S: Quite funky and barnyard-forward. Hay, wet socks, musty grass. As it warms, I get more rye spice stinging the nostrils as well as a distinct stone fruit skin note--I can almost feel the fuzz of rub against my nostrils based on my sense association. Oak is definitely there too. Smells like it's going to be pretty tart. But even as it warms, funk is at the front of this one, unapologetically so.

T: (Somewhat) follows the nose, but definitely more harmonious in the way it fuses its components on the taste. Strong funk presence, but behind a big contribution of flavor from the apricot adjunct and base beer. Tart apricot flesh, apricot skin, Meyer lemon juice, sweet bready malt, light peppercorn-esque spice, and a hefty dose of dry oak on the finish. Funk underlies throughout the taste (less assertive as it warms, succumbing to the apricot and oak), but it's less barnyard-y and more licking-an-overripe-fruit-skin funky. Like getting some flavors you don't expect from a dirty farmer's market apricot. Barrel contributes tannic dryness, a little vanillin--not much red wine flavor comes through.

M: Really nice mouthfeel, likely thanks to the oats.
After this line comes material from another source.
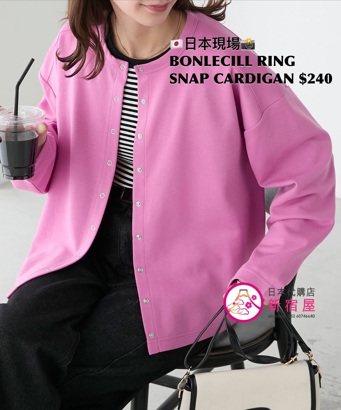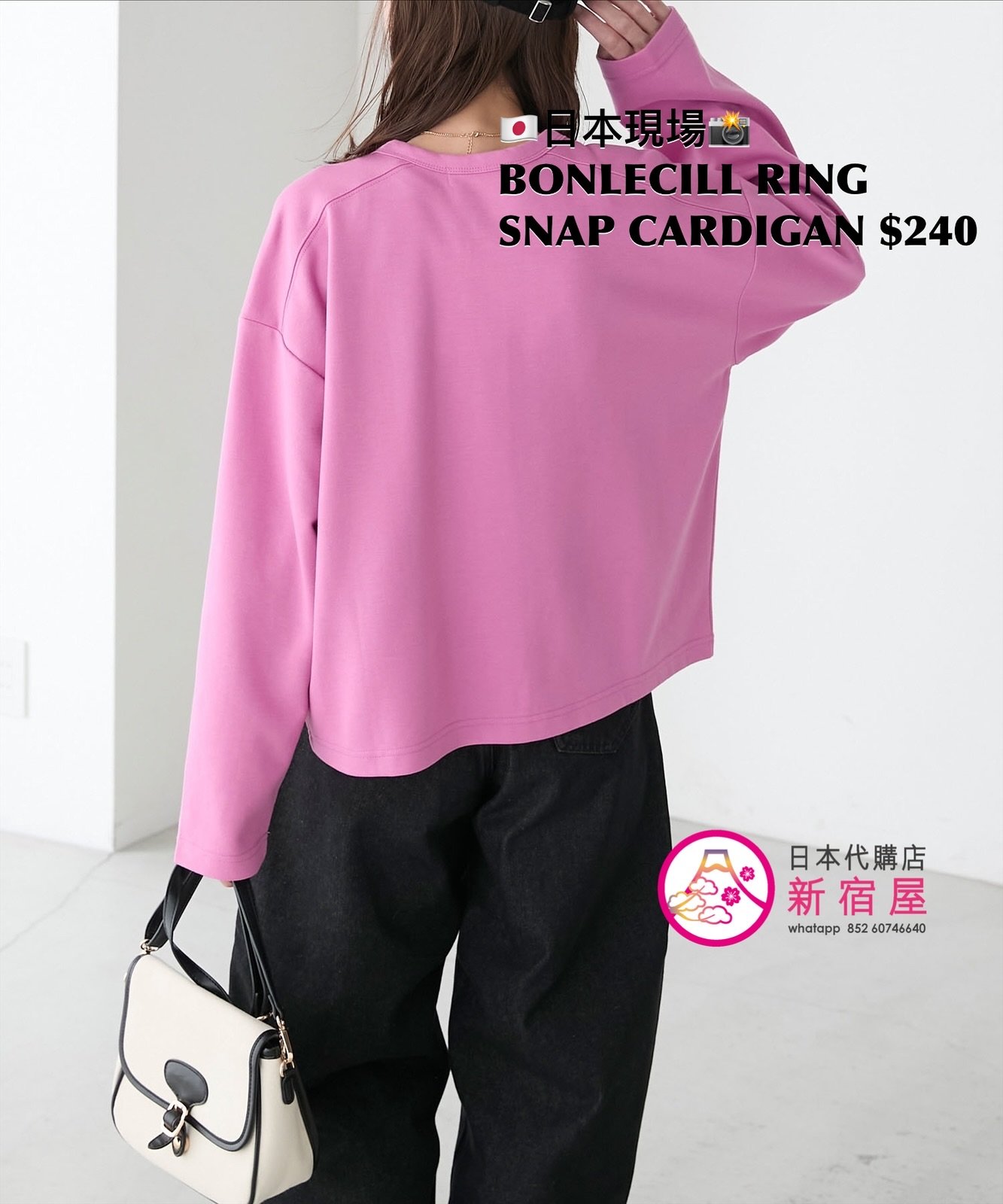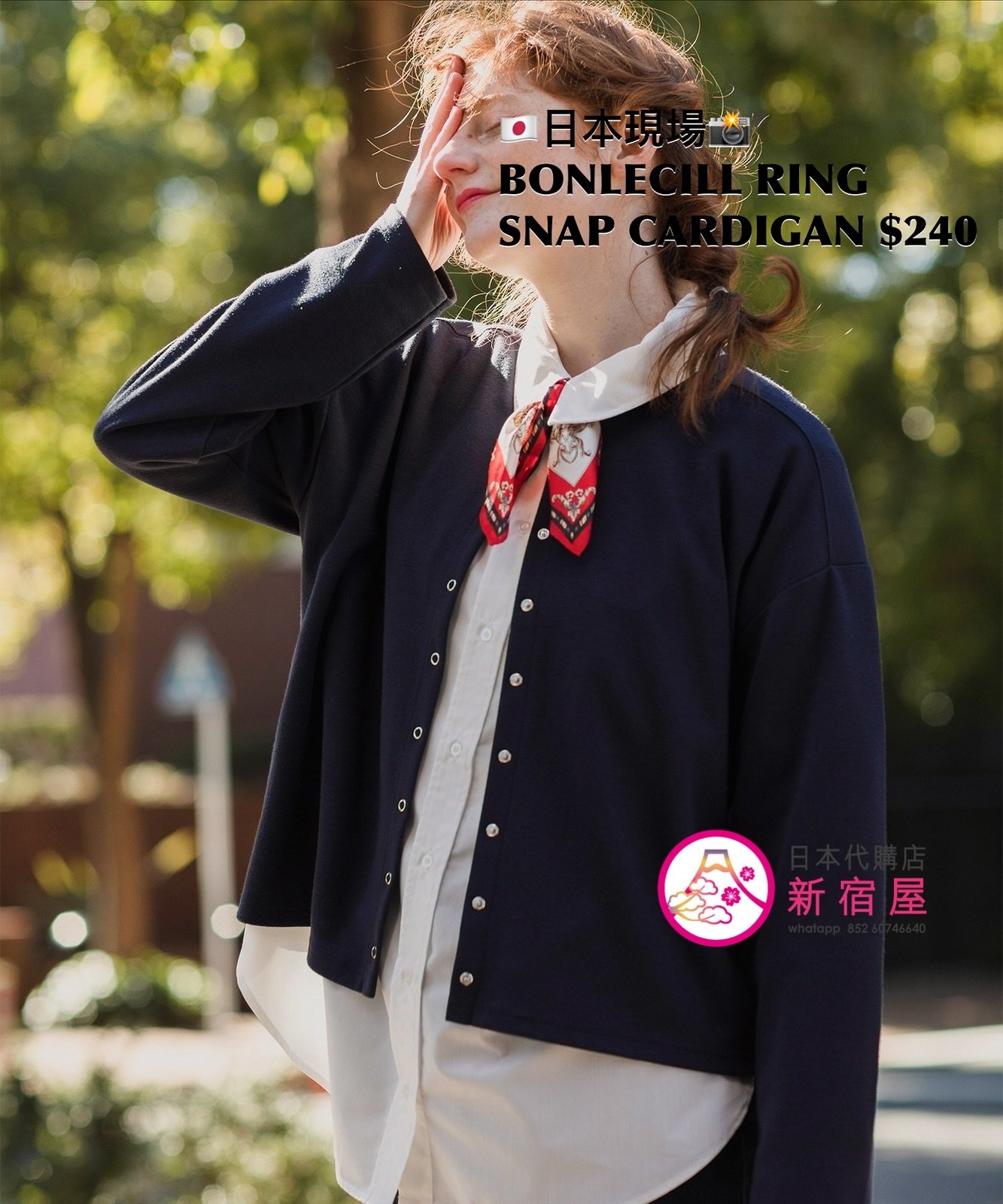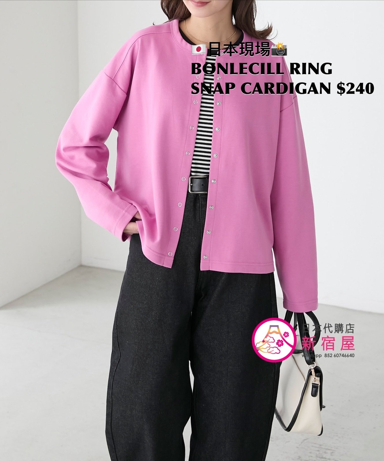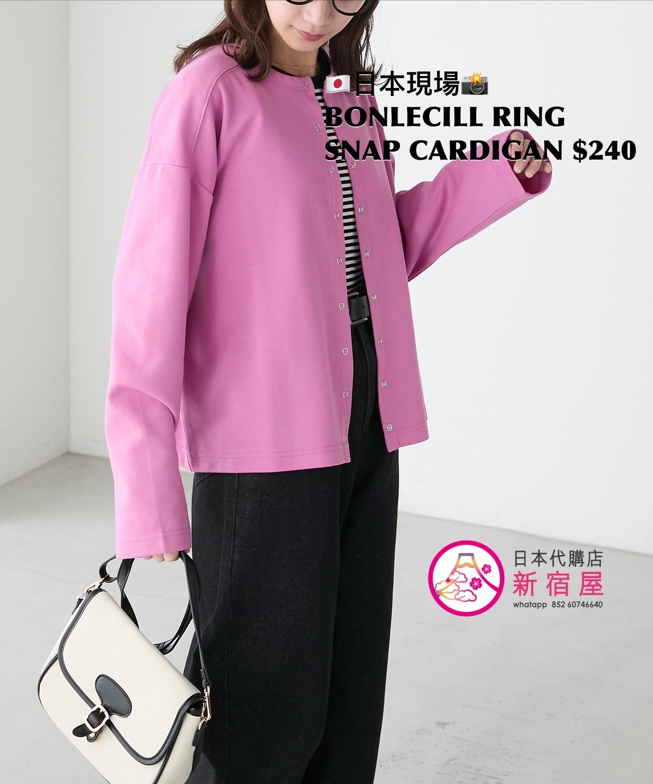 BONLECILL RING SNAP CARDIGAN FREE SIZE,RED/ IVORY/ BLACK/ CHARCOAL GRAY/ GREEN/ KAHKI/ NAVY/ PINK,$240 👚參考尺寸 FREE SIZE: 身幅 59 著丈 52.5cm

Oat flavor isn't very forward, but the feel is medium-plus, and the carbonation is spot-on for the style (soft and even, neither prickly or imbalanced). Pretty sweet given ABV, but it works to balance out a lot of tartness. Acidity builds after a few sips--not necessarily a beer I could drink too much of.

O: Very good beer and one that could come from one of the 'bigger' sour breweries out there with a much bigger name than KCBC. I've been impressed by the sours I've had from them, but this one really demonstrates what they're capable of when they fuse a bunch of components. Everything works together pretty well here, and while the execution isn't perfect (I'd like more fruit in the nose and less acidity in the mouth), there's nothing wrong with what I'm drinking now. Makes me excited for what's cooking in the rest of those barrels in the taproom!